Brazil is among the countries with the highest number of TB cases in the world, despite the fact that it follows the WHO’s standardized TB treatment recommendations. Importantly, the cascade of care in Brazil for drug-sensitive TB is composed of 3 steps: (1) mandatory reporting of TB cases to the Notifiable Diseases Information System (SINAN) [5, 6]; (2) a six-month treatment regimen, usually in fixed-dose combination (FDC) [7]; and (3) treatment-associated outcomes are reported in the SINAN database. Thus, this is a significant source of data that could be explored to develop prediction models for LTFU during anti-TB treatment (ATT).

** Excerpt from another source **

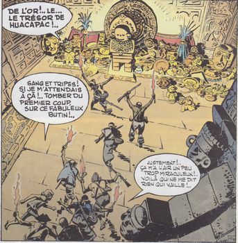 remarques: | Eric et Barbe-Rouge découvrent l'entrée secrète dans la pyramide aztèque et arrivent à la salle du trésor, mais le trésor est piégé, nos amis restant prisonniers de la chambre au trésor qui se remplit d'eau petit à petit entretemps, la troupe espagnole de Don Scarpato a aussi rejoint la cité perdue et se retrouvent attaquée par des guerriers aztèques qui surgissent de nulle part alors que le reste de la troupe de Barbe-Rouge avec Triple-Patte sont assiégée par les espagnols, la cité perdue est devenue un champ de bataille toutefois, les aztèques ne peuvent venir à bout seuls des envahisseurs et décident de s'allier avec Eric et Barbe-Rouge contre les espagnols Eric et Barbe-Rouge sont donc délivrés de leur prison-piège et ensemble avec les aztèques éliminent les espagnols dans un combat épique, les espagnols de Don Scapato doivent faire retraite mais >> p. 41 ils seront décimés par les indios Macumba qui les attendent sur le chemin du retour tout comme Piet Godda qui périt dans les sables mouvants en récompense les aztèques livrent à Barbe-Rouge tout leur trésor contre la promesse de ne jamais révéler leur refuge et de détruire les accès à la cité de la mort sur leur chemin du retour >> p. 37 mission accomplie, mais les aztèques traitent encore leurs alliés de chiens blancs reste à se débarrasser de Morgan et de Concha (alliée maintenant avec Morgan), ce ne sera pas un grand problème, nos amis récupèrent le Faucon Noir et abandonnent le pirate Morgan et sa chère Concha sur une plage du Yucatan fin de l'épisode aztèque >> toujours un bon scénario et un bon graphisme, fin de la série des nouvelles aventures de Barbe-Rouge, la série continuera en deux parties a) la série continuée par Gaty en 1991 avec le prochain album: "pirates en mer des Indes" en collaboration avec le scénariste Ollivier (après la mort de Charlier en 1989) b) une nouvelle série déjà reprise par Pellerin en 1983 et en 1987 qui commencera de nouvelles aventures très bien dessinées, mais qui se distance complètement de la série de Gaty la série de Gaty se poursuivra médiocrement alors que celle reprise par Pellerin donne un essor nouveau et superbe à cette deuxième série, malheureusement Pellerin abandonnera la série Barbe-Rouge au bout de deux albums pour créer sa propre série: l'Epervier annexes - couverture de l'album par Pellerin - la salle au trésor |

Therefore, we aimed to develop a web-based prediction model for LTFU among pulmonary TB treatment cases in Brazil at the baseline consultation utilizing secondary data elements readily available at diagnosis. Importantly, the developed a model that could be used by both the Brazilian government and clinicians as a readily available web-based tool for decision-making to achieve higher rates of TB treatment success.

Materials and methods

Ethics statement

All data accessed in this study were obtained from a publicly available platform and pre-processed by the Brazilian Ministry of Health ( This processing verified the data regarding consistency, duplicate registration, and completeness, following the instructions set by Resolution Number 466/12 on Research Ethics of the National Health Council, Brazil. There was no identifiable information in the databases and thus the study was exempt from approval by ethics committees.

Study population

We performed a retrospective analysis of de-identified data from pulmonary TB cases reported to the Brazilian Notifiable Diseases Information System (SINAN).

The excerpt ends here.